Illinois' top issues: Lack of a budget, erosion of middle class and increased poverty, and gun violence.
On prioritizing bills: "I will continually serve and protect the most vulnerable populations of this state and not allow myself to be party to a political agenda that, for all intent and purposes, holds payments to the most vulnerable in our state hostage."
On term limits: "Term limits already exist in the form of elections where voters get to choose who they want to represent them."
On the budget gridlock: "It is imperative that all legislative and statewide leadership put partisan politics aside to examine the most comprehensive and effective fiscal strategies to bring about a financial recovery across the state."
Claire Ball, 34, Addison
Education: DeVry University B.A.; Keller Graduate School of Management, M.A.
Occupation and experience: Works as an accountant at U.S. Cellular. First time seeking public office.
Illinois' top issues: Partisan politics, unfunded pension liabilities and transparency.
On prioritizing bills: "I will publish a table of categories that details the payment priority order. The top of that list will be mandatory and court-ordered payments followed by service providers, such as mental health facilities, veteran services and elderly care."
On term limits: "Term limits are necessary and I support them and would commit to a term limit."
On the budget gridlock: "The politics being played on both sides has caused severe damage to Illinois, and further stop gap budgets will only prolong it."
Tim Curtin, 67, Hillside
Family: Married, two children
Education: Attended University of Wisconsin-Madison and Indiana University-Purdue University Indianapolis
Occupation and experience: Union organizer with United Electrical Workers. Served as a union trustee, Oak Park committeeman and chairman of a Green Party committee.

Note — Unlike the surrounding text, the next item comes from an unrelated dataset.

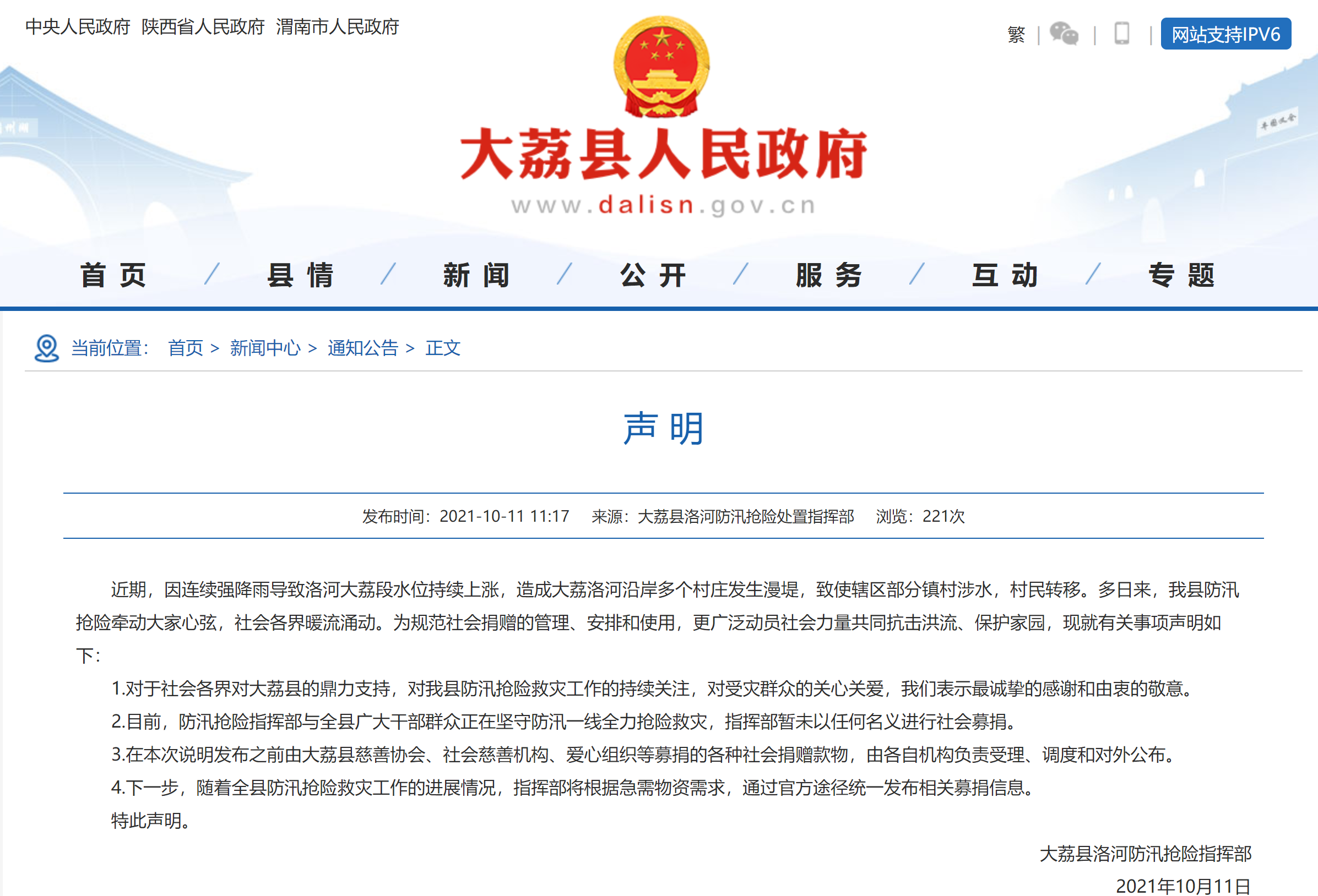 近日,陕西渭南大荔县遭遇持续强降雨,发生洪涝灾害。11日,大荔县人民政府发布声明表示,大荔县洛河防汛抢险指挥部暂未以任何名义进行社会募捐。

Illinois' top issues: A balanced budget, restoring social service funding and raising revenue, like taxing financial transactions at exchanges and boards of trade.
On prioritizing bills: "I would pay for education and social services first, since they are a necessity for the well-being of the people of Illinois."
On term limits: "We do not need term limits. What is needed is an informed public. If the public understood the positions that these elected officials are taking, maybe they would settle and get something accomplished."
On the budget gridlock: "We need a balanced budget so we can stop borrowing heavily as a state."
The race has also featured extraordinary fundraising.
Munger has raised more than double what Mendoza has, mostly due to gigantic donations from wealthy businessmen supporting Rauner.
Since 2015's start, Munger collected roughly $9 million, with $1 million from Rauner, $2 million from businessman Richard Uihlein and $5 million from Citadel CEO Ken Griffin. Munger transferred $3 million to the Republican Party, which is pouring money into legislative battles to reduce Democratic supermajorities.
Mendoza raised about $3.5 million in the same time period, made up of a sizeable portion of union donations and $650,000 from a Democratic Party fund controlled by Madigan.
The two faced off in one televised debate where both interrupted each other often as they defended their records.
Munger claimed her opponent voted "in lockstep" with Madigan and her campaign donations come from special interests. She defended her own campaign fund as support from people who want to improve Illinois.
"The governor has not bought me," she said on Chicago's WTTW.
But Mendoza said the contributions make Munger a "wholly-owned subsidiary" of Rauner. She defended her budget votes as preserving funding for people in need.
"I feel like I'm running against Governor Rauner right now," Mendoza said afterward. "The minute he bought the office, it became a proxy between him and myself."